Journalology roundup #5
Science retracts major Arabidopsis paper. "Scientist acknowledges omitting data, but denies any impropriety". Another paper and probably a career bites the dust.
The strike rate index: a new index for journal quality based on journal size and the h-index of citations. "The SRI explains more than four times the variation in citation counts compared to the impact factor". I've yet to read this properly, but it looks interesting. At some point we need to settle on some stable and useful alternatives to the Impact Factor. As an aside, I love Biomedical Digital Libaries! I would say that as it's a BioMed Central journal, but it's carving out a great niche, publishing some work of real interest to librarians, editors and others interested in scientometrics.
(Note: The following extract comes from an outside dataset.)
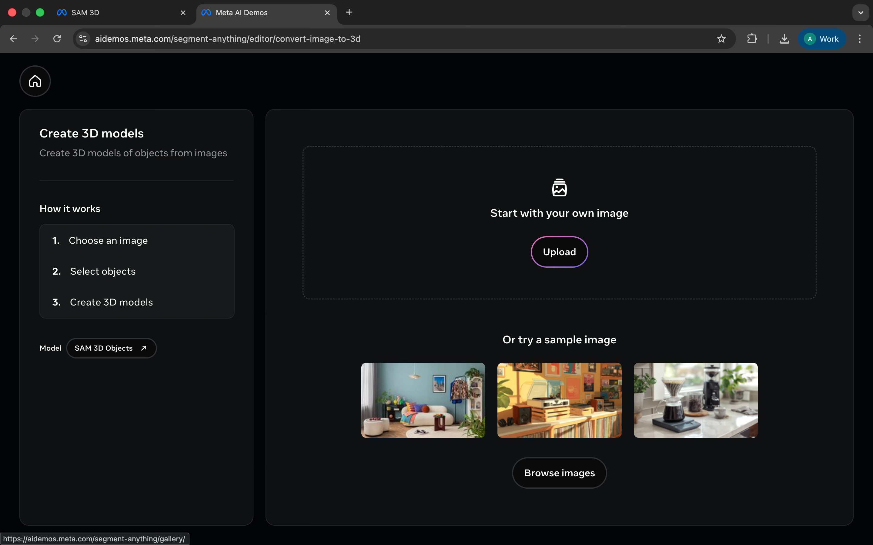 I tried SAM 3D through Meta’s Segment Anything demos, starting with images and then exploring the other tools in the gallery.

NEJM punishes reviewer for breaking embargo. "The New England Journal of Medicine has banned Martin Leon, a cardiologist at the Cardiovascular Research Foundation, from reviewing studies and contributing editorials or reviews for five years, as a punishment for telling colleagues at an American College of Cardiology symposium that a trial comparing medication to stents for the treatment of clogged coronaries "was rigged to fail-and it did." The data was to be presented two days later, and published in NEJM soon after". That seems a bit harsh! There are worse crimes than breaking an embargo. If journals published work online when it was ready rather than hoarding it for months to fill paper issues then there would be less temptation to break embargos. If it is through peer review, make it public without delay!
A bumper crop from the Cochrane Collaboration!
Editorial peer review for improving the quality of reports of biomedical studies. "Little empirical evidence is available to support the use of editorial peer review as a mechanism to ensure quality of biomedical research".
Time to publication for results of clinical trials. "Trials with positive results are published sooner than other trials".
Grey literature in meta-analyses of randomized trials of health care interventions. "Published trials tend to be larger and show an overall greater treatment effect than grey [unpublished] trials".
Full publication of results initially presented in abstracts. "Only 63% of results from abstracts describing randomized or controlled clinical trials are published in full. 'Positive' results were more frequently published than not 'positive' results. The consequence of this is that systematic reviews will tend to over-estimate treatment effects".
Technical editing of research reports in biomedical journals. "Most journals try to improve articles before publication by editing them to make them fit a 'house-style', and by other processes such as proof-reading... There is some evidence that the overall 'package' of technical editing raises the quality of articles (suggested by 'before-and-after' studies). However, there has been little rigorous research to show which processes can improve accuracy or readability the most, or if any have harmful effects". I'm a big fan of Liz Wager's work, she's one of the few out there really trying to test what editors and journals do.